┌─ Data block

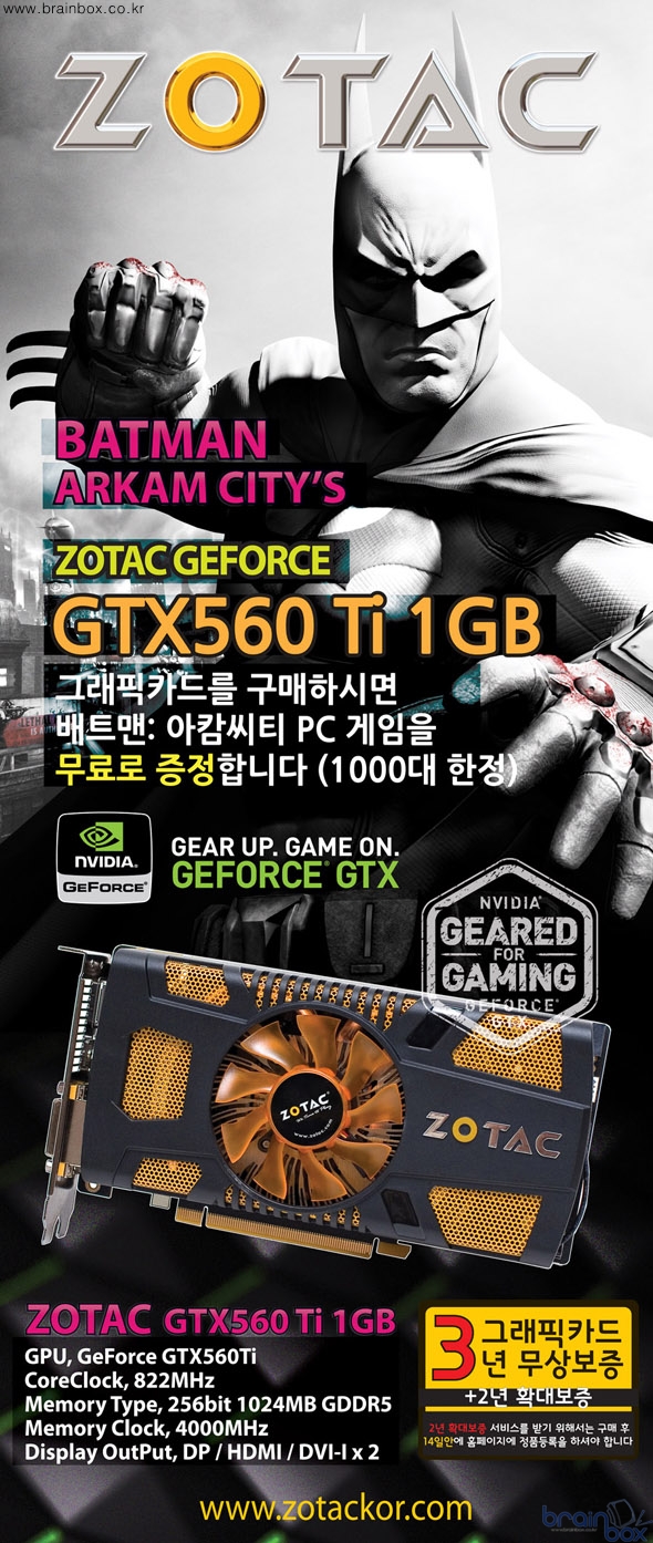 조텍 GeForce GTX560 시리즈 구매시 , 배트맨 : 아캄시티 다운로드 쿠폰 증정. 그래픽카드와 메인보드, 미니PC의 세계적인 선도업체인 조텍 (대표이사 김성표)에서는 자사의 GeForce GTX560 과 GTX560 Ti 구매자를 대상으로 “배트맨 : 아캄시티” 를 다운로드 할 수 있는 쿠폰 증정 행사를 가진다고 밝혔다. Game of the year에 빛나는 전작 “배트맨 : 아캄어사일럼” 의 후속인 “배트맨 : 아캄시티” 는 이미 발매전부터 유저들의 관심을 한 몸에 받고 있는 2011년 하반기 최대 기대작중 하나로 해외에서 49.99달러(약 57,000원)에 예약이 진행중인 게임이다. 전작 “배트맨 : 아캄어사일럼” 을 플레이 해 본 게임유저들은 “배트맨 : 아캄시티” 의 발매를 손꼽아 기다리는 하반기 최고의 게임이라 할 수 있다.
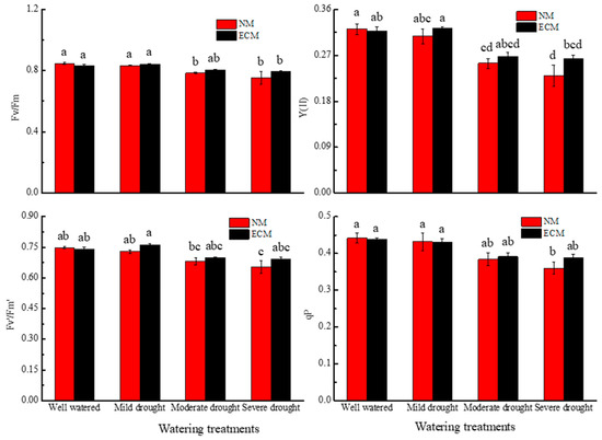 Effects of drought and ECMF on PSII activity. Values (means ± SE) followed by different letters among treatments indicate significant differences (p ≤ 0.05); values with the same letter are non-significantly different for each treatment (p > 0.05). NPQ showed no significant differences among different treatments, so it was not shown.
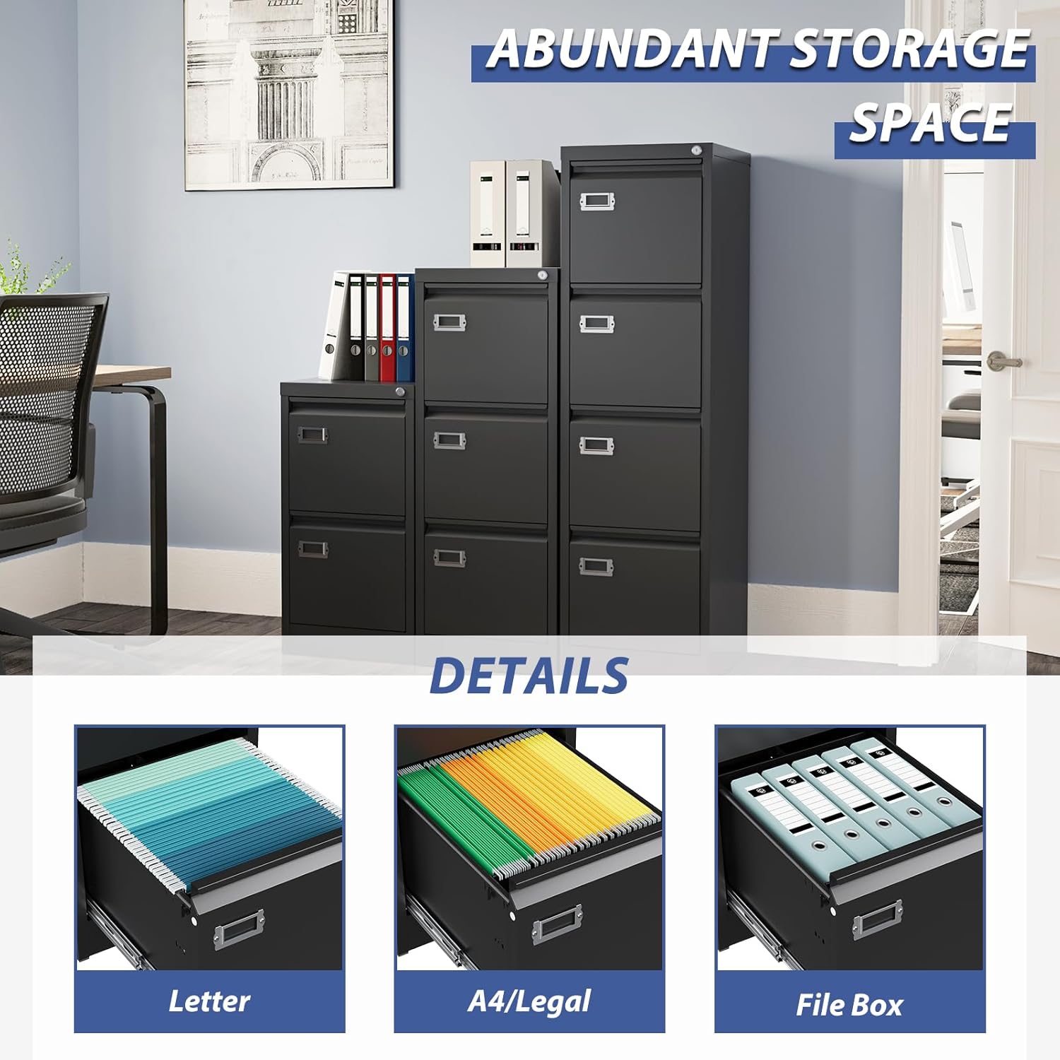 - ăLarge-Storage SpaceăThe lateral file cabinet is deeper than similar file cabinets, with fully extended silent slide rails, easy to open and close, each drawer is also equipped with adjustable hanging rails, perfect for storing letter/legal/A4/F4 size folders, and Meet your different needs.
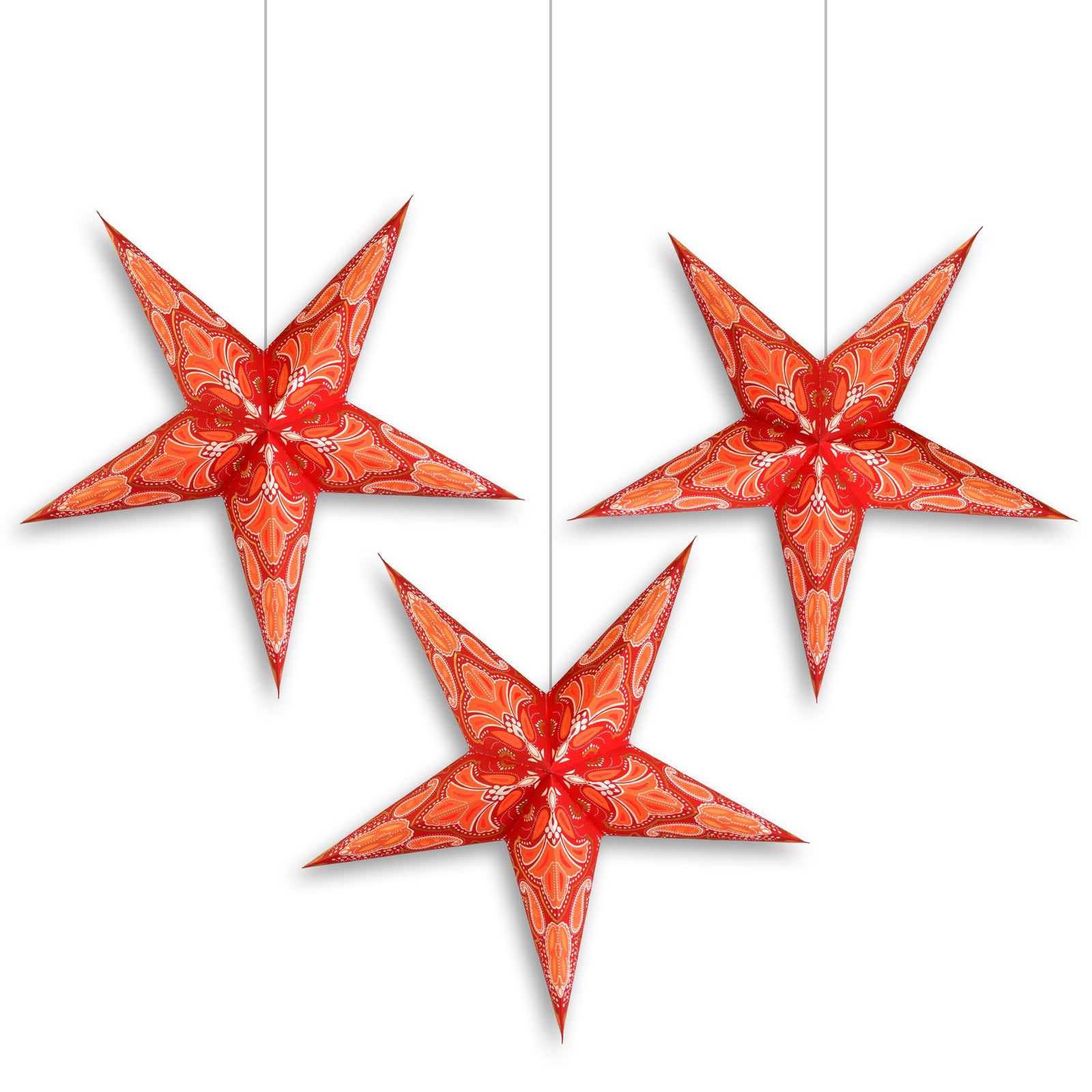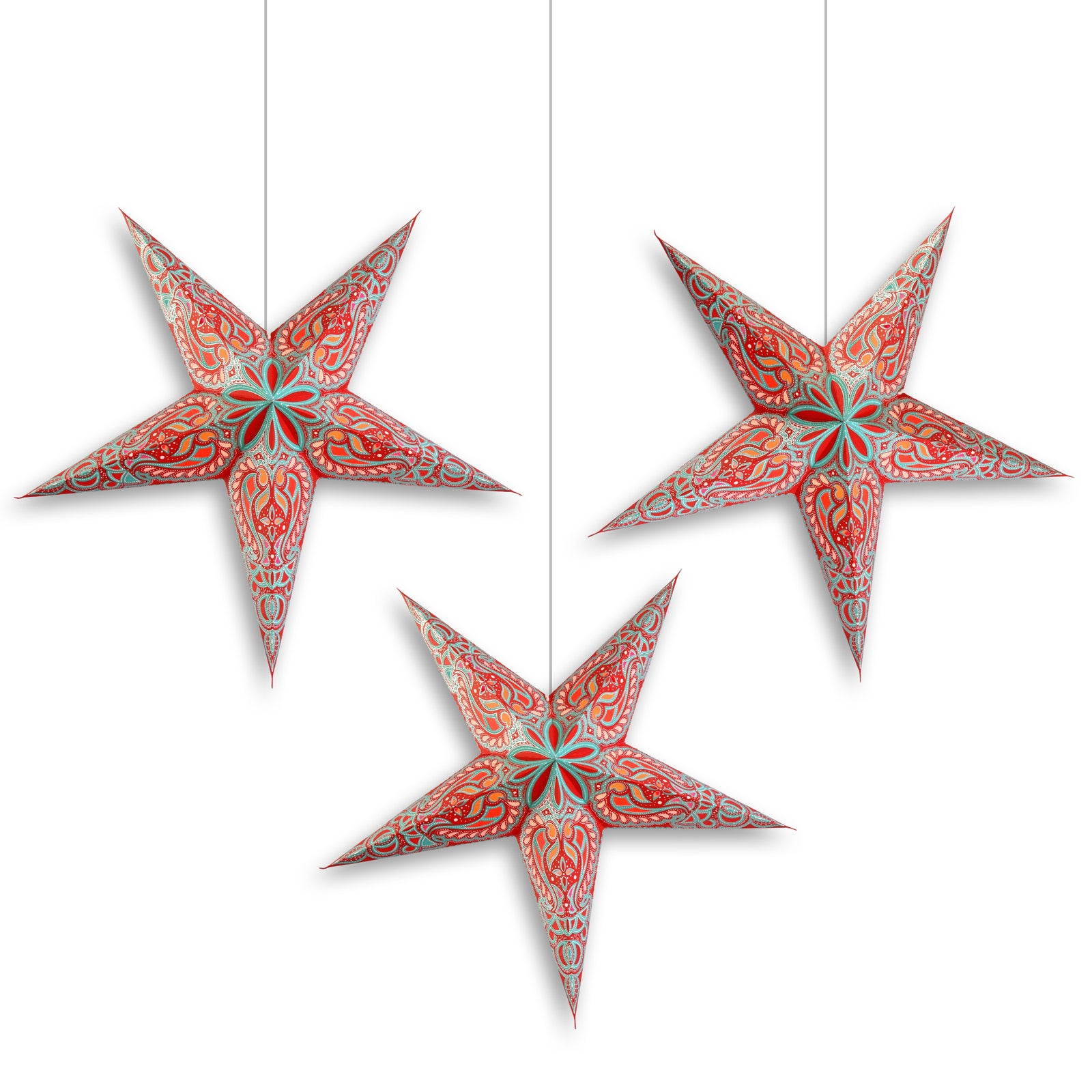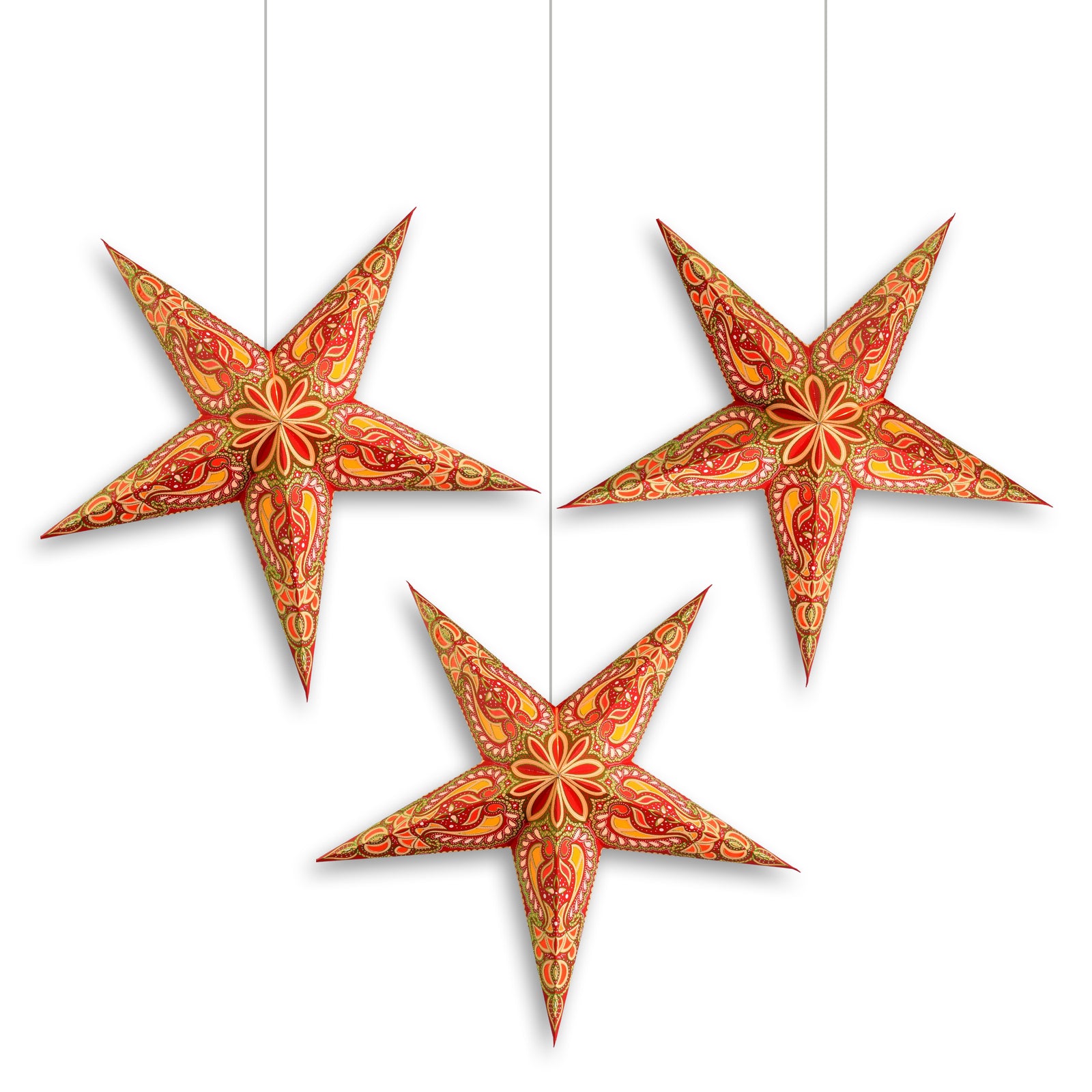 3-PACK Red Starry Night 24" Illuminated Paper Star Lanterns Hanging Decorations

└─

**Work instruction**
Print the listing exactly, pictures excluded.

**Answer for the task**
 조텍 GeForce GTX560 시리즈 구매시 , 배트맨 : 아캄시티 다운로드 쿠폰 증정. 그래픽카드와 메인보드, 미니PC의 세계적인 선도업체인 조텍 (대표이사 김성표)에서는 자사의 GeForce GTX560 과 GTX560 Ti 구매자를 대상으로 “배트맨 : 아캄시티” 를 다운로드 할 수 있는 쿠폰 증정 행사를 가진다고 밝혔다. Game of the year에 빛나는 전작 “배트맨 : 아캄어사일럼” 의 후속인 “배트맨 : 아캄시티” 는 이미 발매전부터 유저들의 관심을 한 몸에 받고 있는 2011년 하반기 최대 기대작중 하나로 해외에서 49.99달러(약 57,000원)에 예약이 진행중인 게임이다. 전작 “배트맨 : 아캄어사일럼” 을 플레이 해 본 게임유저들은 “배트맨 : 아캄시티” 의 발매를 손꼽아 기다리는 하반기 최고의 게임이라 할 수 있다.
 Effects of drought and ECMF on PSII activity. Values (means ± SE) followed by different letters among treatments indicate significant differences (p ≤ 0.05); values with the same letter are non-significantly different for each treatment (p > 0.05). NPQ showed no significant differences among different treatments, so it was not shown.
 - ăLarge-Storage SpaceăThe lateral file cabinet is deeper than similar file cabinets, with fully extended silent slide rails, easy to open and close, each drawer is also equipped with adjustable hanging rails, perfect for storing letter/legal/A4/F4 size folders, and Meet your different needs.
 3-PACK Red Starry Night 24" Illuminated Paper Star Lanterns Hanging Decorations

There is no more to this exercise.